Why is the remote package list only showing A-F?

Dec 24, 2010 at 3:24 PM

When I issue:

Get-Package -Remote

in the Package Manager console, I'm only getting entries from A through F (the last one is Facebook 4.1.0).  How do I continue with the rest of the list?  Am I missing something incredibly obvious?

TIA

Developer
Dec 24, 2010 at 4:26 PM

The odata service limits the number of results. Are you looking for a specific set of packages, or do you just want to see all? You can filter packages with Get-Package -Remote {package name} or Get-Package -Remote -Filter {package name}

Dec 24, 2010 at 4:37 PM

I want to see the whole list.  I'm browsing. :-).  Yeah, I discovered the -Filter qualifier.  Thanks for your help. :-)

Dec 24, 2010 at 7:01 PM

Note that the reason the OData service limits the results is to avoid having the entire feed be downloaded at once.  Right now we have 300+ items and the whole feed is already somewhat large.  When it reaches several thousands, downloading the entire feed just won't work well.

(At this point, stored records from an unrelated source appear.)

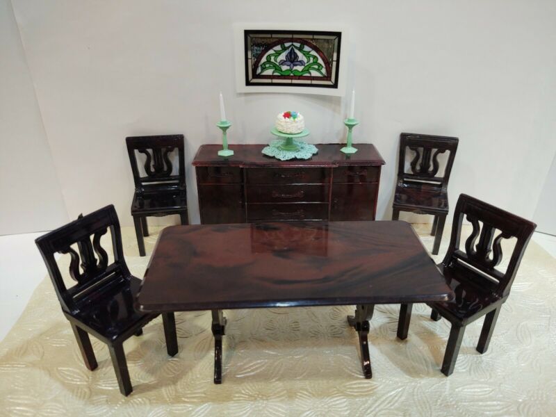 Title (ebay affiliate link): Plasco DINING ROOM w/ Jadite CHRYSNBON KIT Vintage Miniature Dollhouse Furniture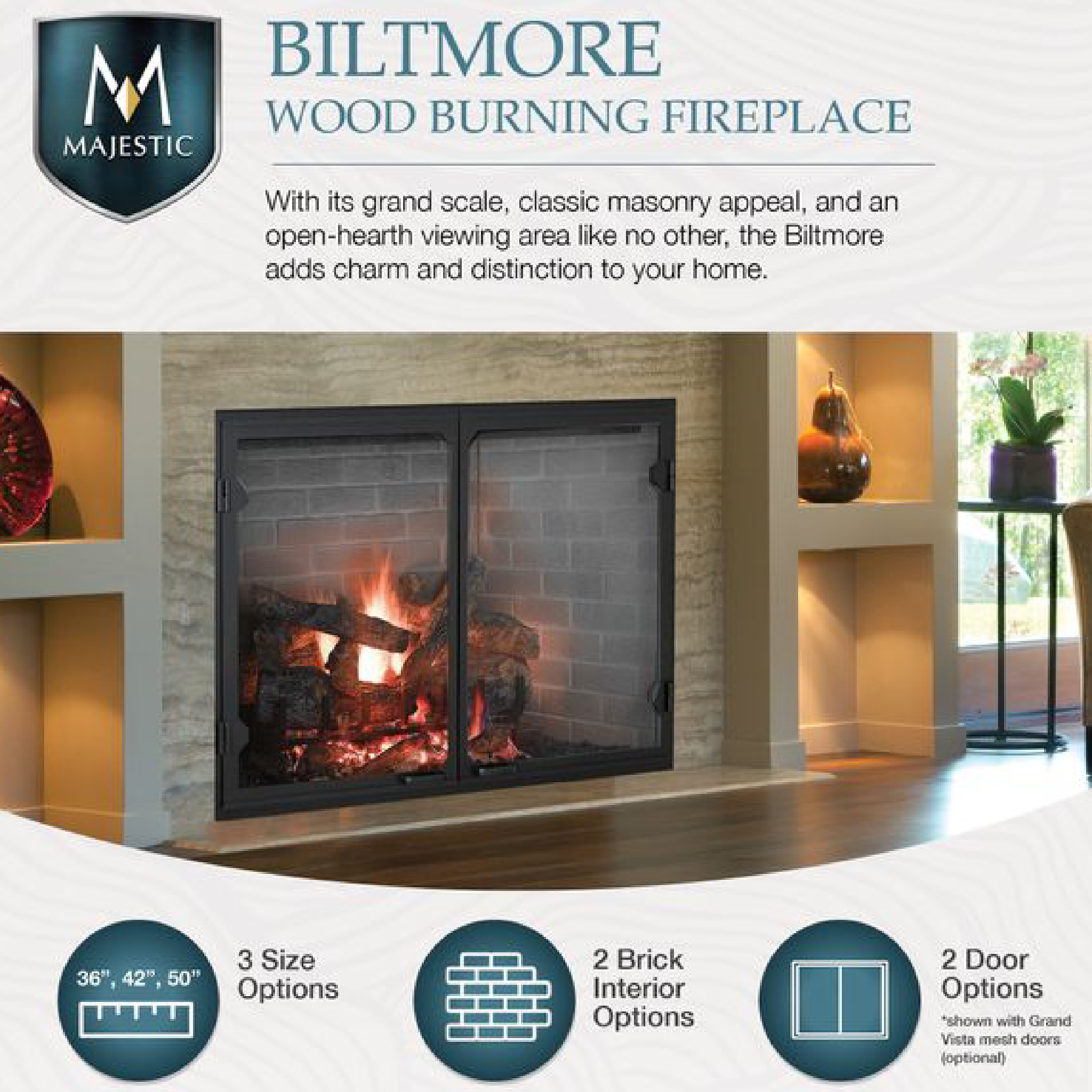 Equipped with two gas knockouts on either side of the firebox, the Biltmore allows you to easily convert from wood burning to Natural Gas or Liquid Propane fuels, and with up to 1,500 square inches of viewing area, friends and family can enjoy the lovely flame presentation from almost anywhere in the room! Bring classic style to your hearth today with the Majestic Biltmore Wood Burning Fireplace!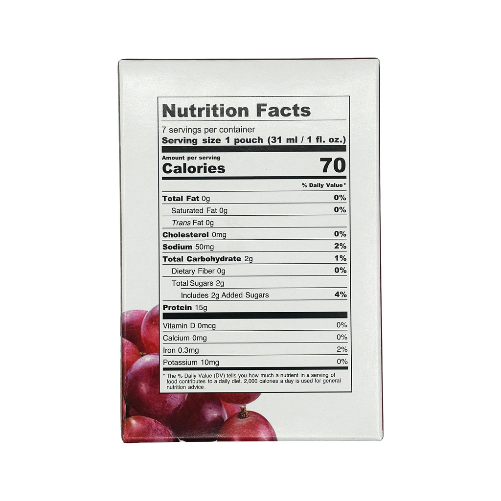 These delightful grape-flavored protein diet drinks come in easy-to-open liquid packets that you simply pour into a glass or bottle of cold water, give it a shake and enjoy!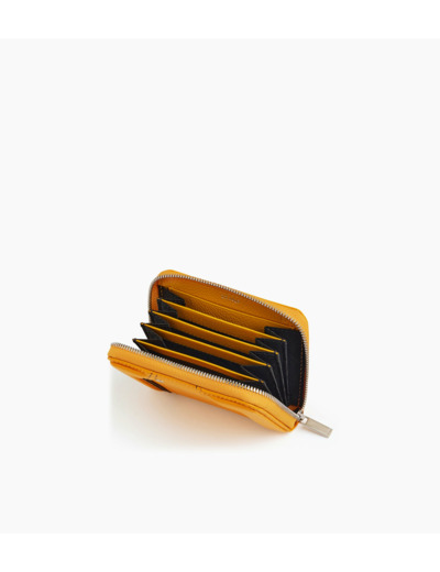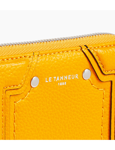 Dimensions compactes, cuir grainé pleine fleur, fermeture zippée métal, plusieurs emplacements pour cartes et un compartiment pour monnaie.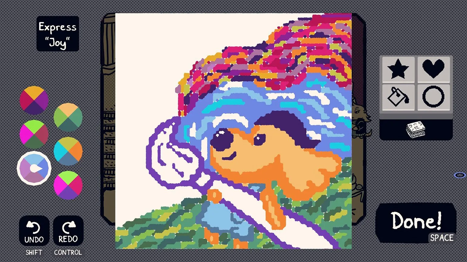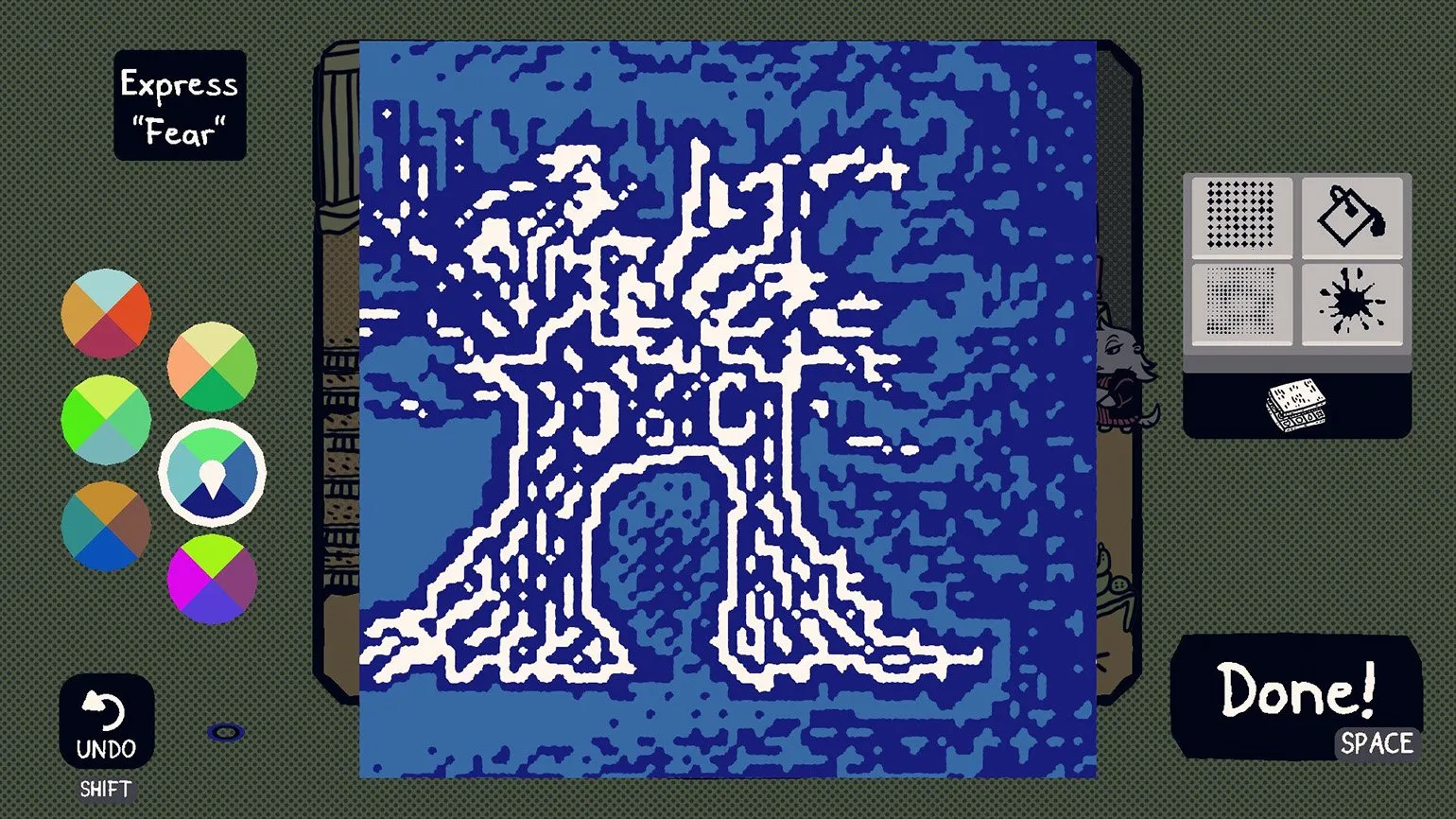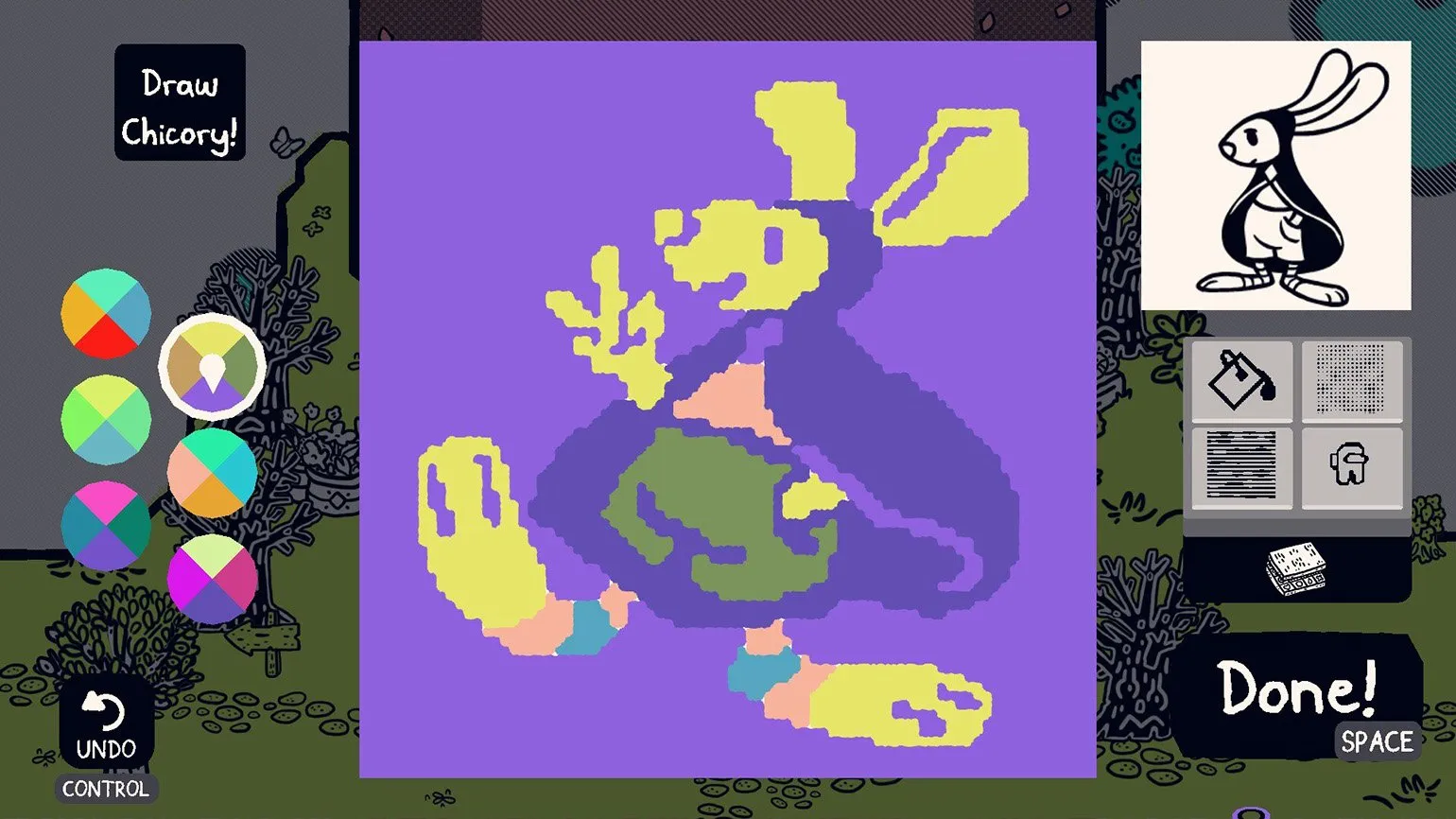 В отличие от многих других проектов, где рисование является второстепенным занятием и не всегда включает идею самовыражения, в игре Chicory свободное творчество занимает центральное место. Во время разработки Грег сформулировал ряд принципов, которые позволили ему естественно интегрировать рисование в игровую механику и создать мотивацию для игроков.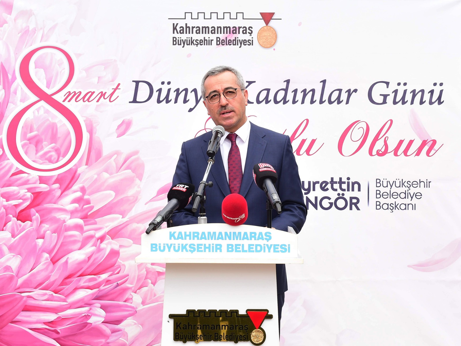 Kahramanmaraş Büyükşehir Belediye Başkanı Hayrettin Güngör düzenlenen etkinlikteki konuşmasında, “Öncelikle helikopter kazasında şehit olan 2’si Kahramanmaraşlı 11 kahraman askerimize Allah'tan rahmet diliyorum, mekânları cennet olsun. Bugün 8 Mart Dünya kadınlar günü; başta şehit anneleri ve şehit eşleri olmak üzere sevgi dolu yürekleri ve fedakârlıklarıyla dünyamızı güzelleştiren tüm kadınlarımızın gününü tebrik ediyoruz. Bizler cennet annelerin ayakları altındadır inancına sahip bir medeniyetin mensuplarıyız. Kadına saygı, inancımızın, kültürümüzün, tarihimizin ve sosyal hayatımızın en temel dinamiğidir.Neşet Ertaş’ın da dediği gibi: Kadınlar insandır bizler insanoğlu” ifadelerini kullandı.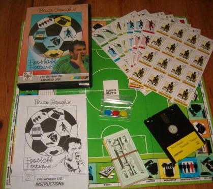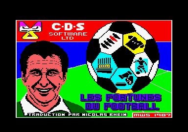 Astucieux ; le boîtier renferme le logiciel, une plaque de jeu cartonnée pliée, des feuilles de pion, et des billets. Il s'agit en effet d'un jeu de société assisté par ordinateur, où vous êtes à la fois entraineur et président d'un club de football. L'ordinateur gère vos finances et le résultat des matchs, plus quelques autres petits services. Une excellente idée, mais le hasard joue une trop grosse part, et les affichages sont pour le moins pauvrets... A encourager quand même ! |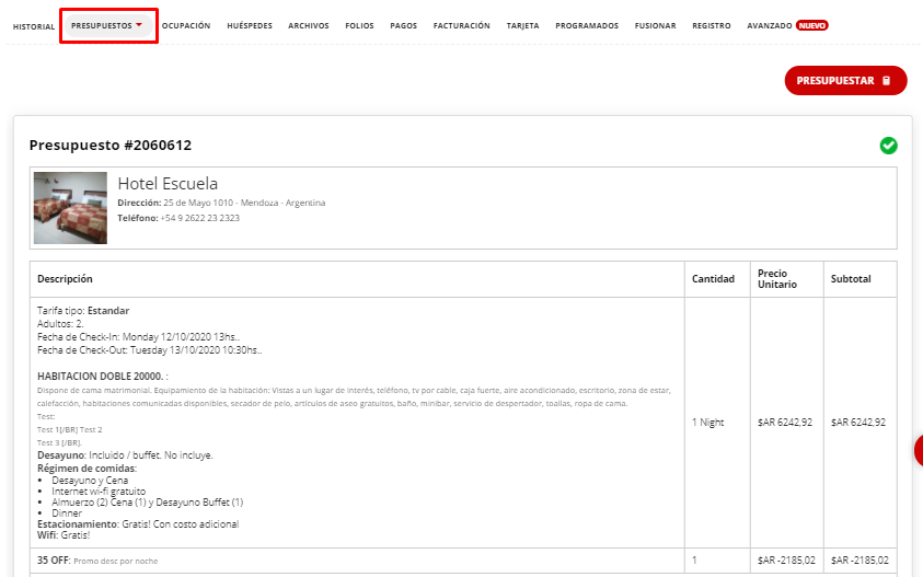 5- Dentro de la solapa de presupuestos se encontrará guardado el que se generó para esta consulta: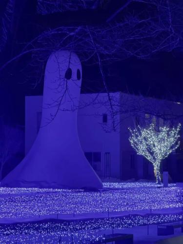 如果你在冬季晚上住在十和田市區,走到美術館前,則會看到這個驚聳可愛的畫面。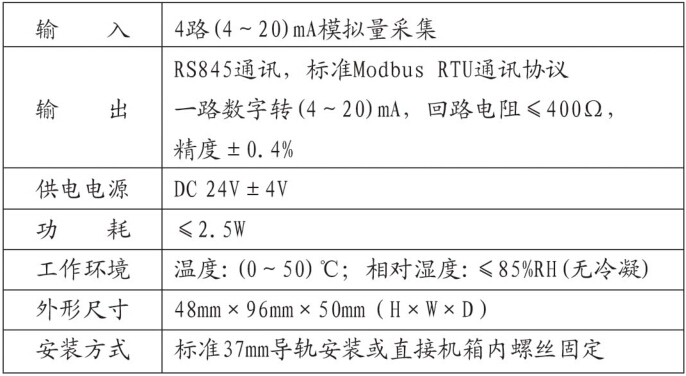 1、(4~20)mA输入转RS485通讯集中总线发送;

However, I wonder if we should support some way of getting more items.  Note that if you use the NuGet dialog, you can page through the entire list.  The problem from the console is that there is no paging support (which would be hard since we never prompt).

Dec 24, 2010 at 7:02 PM
This discussion has been copied to a work item. Click here to go to the work item and continue the discussion.
Dec 24, 2010 at 7:59 PM

To support paging in the console, we can add the -First and -Skip parameters to the Get-Package cmdlet.

Dec 24, 2010 at 10:07 PM

Probably -Take instead of -First?  Yes, we could do this, at least as a low level building block to higher level operations.  One issue is that if you don't pass -Take, you'd assume you get them all instead of running into server side paging limits.

Dec 25, 2010 at 7:48 PM

I follow the same convention as the built-in Select-Object cmdlet, which use -First instead of -Take.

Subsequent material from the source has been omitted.